One of the most dramatic features at Castell Henllys was the placing of rocks to slow down attackers to the fort. Called a cheval-de-frise (literally ‘Frisian horse’), it consists of a series of small stones set on end, almost like an Iron-Age tank trap. If you did manage to attack through it, you’d get another nasty surprise: a huge hoard of stones for slingshots was found by the main gate. Masses of such stones have been found on hill forts in the area – there were more than 2,000 in just one cache at Castell Henllys.
Many of the features of Celtic life practised at Castell Henllys and elsewhere were not chronicled by the Romans. We are told that the Celts were fearsome warriors, but they were farmers, too, growing wheat, barley, peas and beans. The practical iron tools they made, similar to ones that we use to this day, made Celtic agriculture highly efficient. In fact, grain production was so good that the British Celts exported wheat and barley to the Romans. Ironically this export trade made Britain an attractive target for Roman expansion.
Celtic language
The Celts had no written language to tell their tale. However, their spoken language is perhaps the biggest clue to their existence and it is alive today, handed down through countless generations of their descendants. Today two million people claim to speak a Celtic language, and the largest single number of regular speakers are Welsh.
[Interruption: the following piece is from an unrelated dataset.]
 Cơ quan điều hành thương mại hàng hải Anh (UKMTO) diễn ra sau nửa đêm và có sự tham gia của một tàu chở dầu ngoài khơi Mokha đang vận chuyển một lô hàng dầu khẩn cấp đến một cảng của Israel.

According to Professor Patrick Sims-Williams of Aberystwyth University, ‘One language was spoken, with slight variations, over the whole of Britain, and it carried on into France as well.’
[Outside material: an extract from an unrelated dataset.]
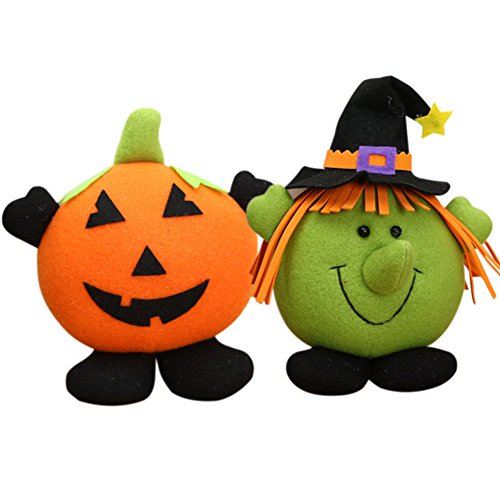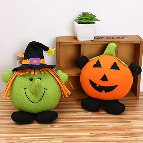 5.51"*7.07" Pumpkin toys and 5.51"*8.26" Witch toys, made of flannel fabric and filled with artificial cotton, soft to touch and squeeze, you can use it as a plush toy

The professor believes that a tribe that we’ve already encountered in Yorkshire – the Parisii, who were responsible for the Wetwang chariot burials – are significant: ‘Exactly the same name occurs around Paris. Now some of these names may be the same without coming from the same people, but the ones known as Parisii in Yorkshire and France were both using chariot burial, so the French ones may actually be the same type of people who migrated.’
Celtic languages on the Continent disappeared with the Roman invasion, but fragments of ancient Gaulish inscriptions have survived. Is it possible to compare them with modern Welsh and find a link? According to Professor Sims-Williams, the answer is yes: ‘Matt, which means “good” or “lucky”, turns up in later Welsh as mard – a slight change but it’s still recognised as “lucky”. And another Gaulish word catus, which means “battle”, turns up as cad in modern Welsh. This tells us that there was once a linguistic community of almost identical languages spoken in France and in Britain.’
So with Welsh and Gaelic and the few other surviving remnants of Celtic languages, do we see the last vestiges of something that was once Europe wide? ‘I think we do,’ says Professor Sims-Williams. ‘We’re talking about the language that spread – with slight variations, of course – all the way from Portugal to the Black Sea and even into Turkey. But it has only survived on the Atlantic fringe.’